A characteristic function of the normalized Gaussian pdf with $t$ treated as a random variable is, from the two-sided LPT above,
$$<e^{ xt}> \; = \int_{-\infty}^{\infty} \frac{e^{-t^2}}{\sqrt{\pi}} \; e^{ xt} \; dt = \int_{-\infty}^{\infty} \frac{1}{\sqrt{\pi}} e^{\hat{H}.(x)t} \; dt = e^{\frac{x^2}{4}} = e^{\frac{h.}{2}x} $$
with the moments given by
$$<t^n > \; = \; D_{x=0}^n \; <e^{xt}> \; = D_{x=0}^n e^{\frac{x^2}{4}} = \frac{h_n}{2^n} = \frac{H_n(0)}{2^n} = |\cos(\frac{\pi n}{2})| \; \frac{n!}{(\frac{n}{2})!} \frac{1}{2^{n}},$$
agreeing with the Mellin transform result.
The formal cumulants in terms of formal moments (convergence of the e.g.f.s not required) are given by the cumulant expansion formula (see the associated partition polynomials in the Lang link in A127671)
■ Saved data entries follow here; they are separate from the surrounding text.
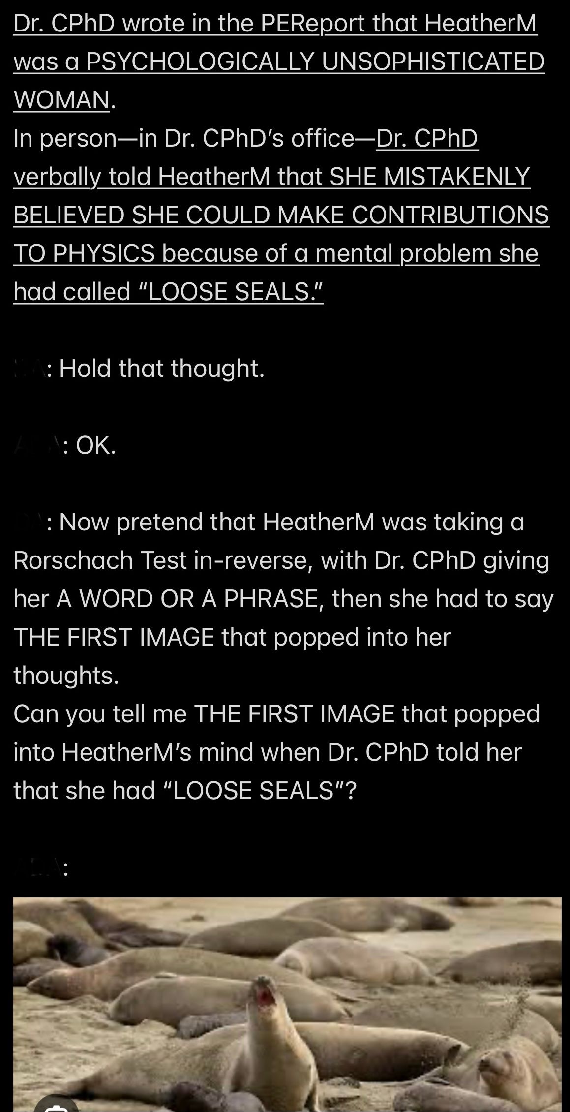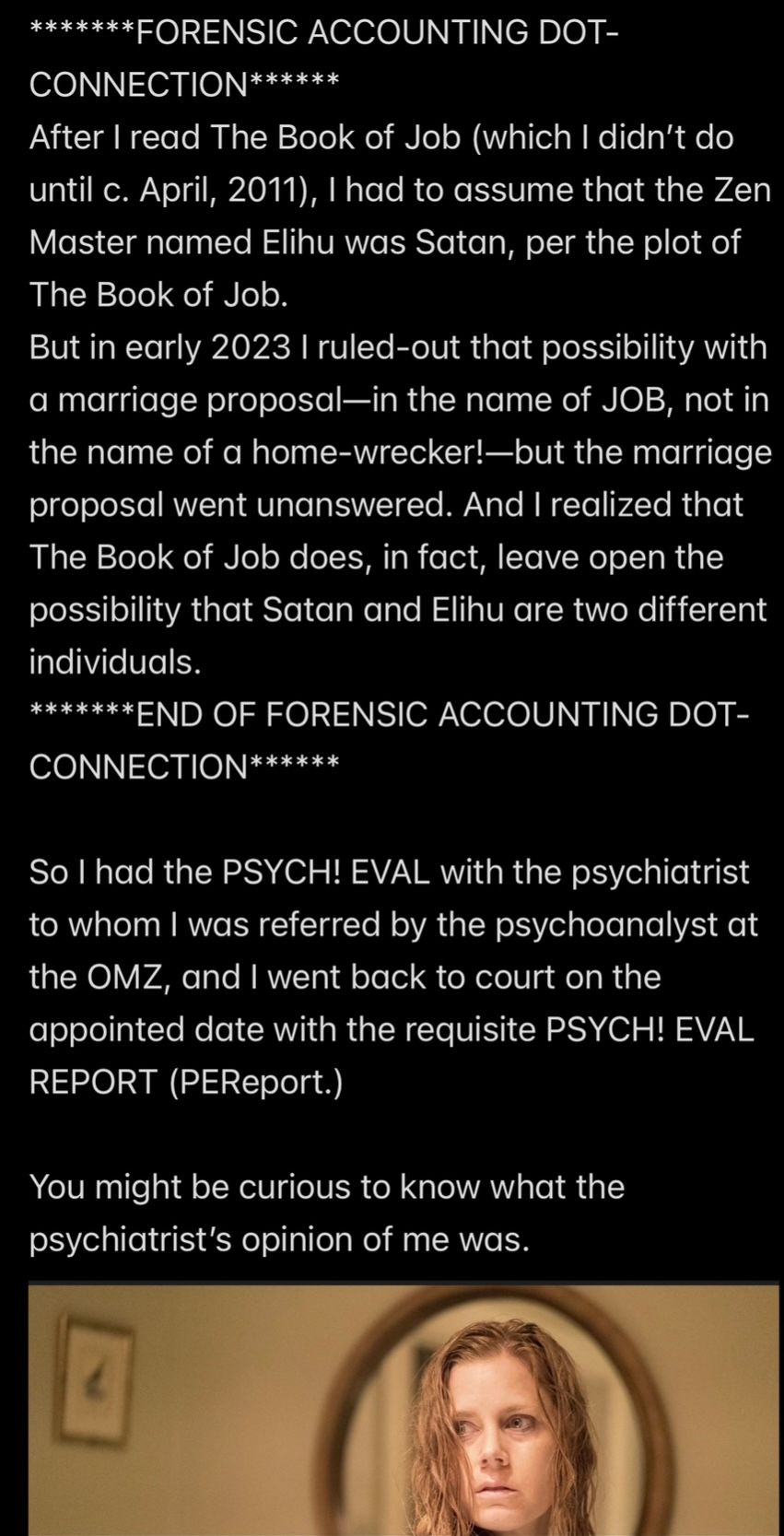 AND SHARON IS THE ONLY ONE OF THAT GROUP WHO IS DEAD; Sharon’s MORTALITY IS KNOWN, and that is a significant fact, which distinguishes Sharon from Satan and Mr. Ex MBA (whom we have shown cause to allege is immortal Injustice like Satan.)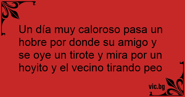 Un día muy caloroso pasa un hobre por donde su amigo y se oye un tirote y mira por un hoyito y el vecino tirando peo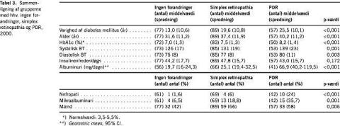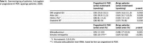 I Tabel 3 sammenlignes mulige risikofaktorer ved undersøgelsens start hos patienter uden øjenbaggrundsforandringer med simplex retinopathia eller med proliferativ retinopati. Langvarig diabetes, høj alder, høj HbA1c, højt blodtryk, mikroalbuminuri, nefropati og mandligt køn var alle risikofaktorer for udvikling og progression af øjenbaggrundsforandringerne. Tabel 4 viser univariate sammenligninger af patienter, der er progredieret til proliferativ retinopati ved undersøgelsens afslutning, med øvrige patienter, der indgik i studiet (bortset fra patienter med proliferativ retinopati ved start). Multivariat logistisk regressionsanalyse viste, at de uafhængige risikofaktorer for progression til proliferativ retinopati var høj HbA1c (p < 0,01), mikroalbuminuri (p < 0,05) og simplex retinopathia ved studiets start (p < 0,01).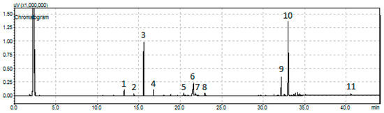 A representative chromatogram obtained for the SDO of sunflower oil over the sample 80NiZrN/U [reactant volume to catalyst mass ratio (100 mL)/(1 g), reaction time = 9 h]: (1) n-C15, (2) n-C16, (3) n-C17, (4)-C18, (5) octadecanol, (6) stearic acid, (7) methyl stearate (elution time = 21,787 min), (8) propyl stearate (elution time = 22,827 min), (9) palmityl stearate (elution time = 32.151 min), (10) stearyl stearate (elution time = 33,016 min), and (11) unreacted natural triglycerides.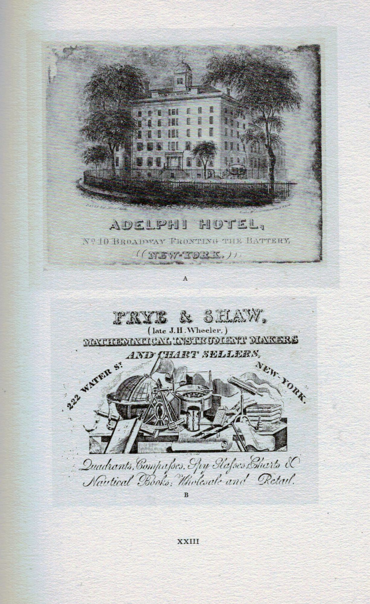 New York: William Edwin Rudge, 1927. First edition. Hardcover. Orig. tan cloth basket weave cloth. Fine in nicked plain dust wrapper. 25 pages in text. 28.5 x 22 cm. Critical Notes by Adele Jenny. Forty-four plates. Double-page fold-out frontispiece in color, a lithograph of a sperm whale. Descriptive Catalogue of the Plates. The earliest trade cards here date from 1730, or thereabouts, as six decades earlier the Crown forbade printing presses in New York. Limited edition, one of 500 copies on rag paper.

$$\ln[<e^{xt}>] = \ln[\; e.g.f \; of \; moments \; ] = \; e.g.f. \; of \; cumulants, $$
and, in our case for the Gaussian, reduces to
$$ \ln[e^{\frac{x^2}{4}}] = \frac{1}{2} \frac{x^2}{2} = (<t^2> - <t>^2) \; \frac{x^2}{2} = (<t-<t>>^2) \; \frac{x^2}{2}, $$
so the cumulants vanish except for the second cumulant, the variance, which is 1/2. The cumulant partition polynomials are invertible (a graded involution), so the formal cumulants completely define the formal moment e.g.f., and, if this is given by a characteristic function obtained by an invertible transform of a pdf, they define the pdf as well. See "Three lectures on free probability" by Novak and LaCroix for the significance of cumulants in combinatorics and statistics and for an elementary proof of the central limit theorem via cumulants. See also the stat mech refs in OEIS A036040. See the Wick's and Isserlis' theorems for generalizations.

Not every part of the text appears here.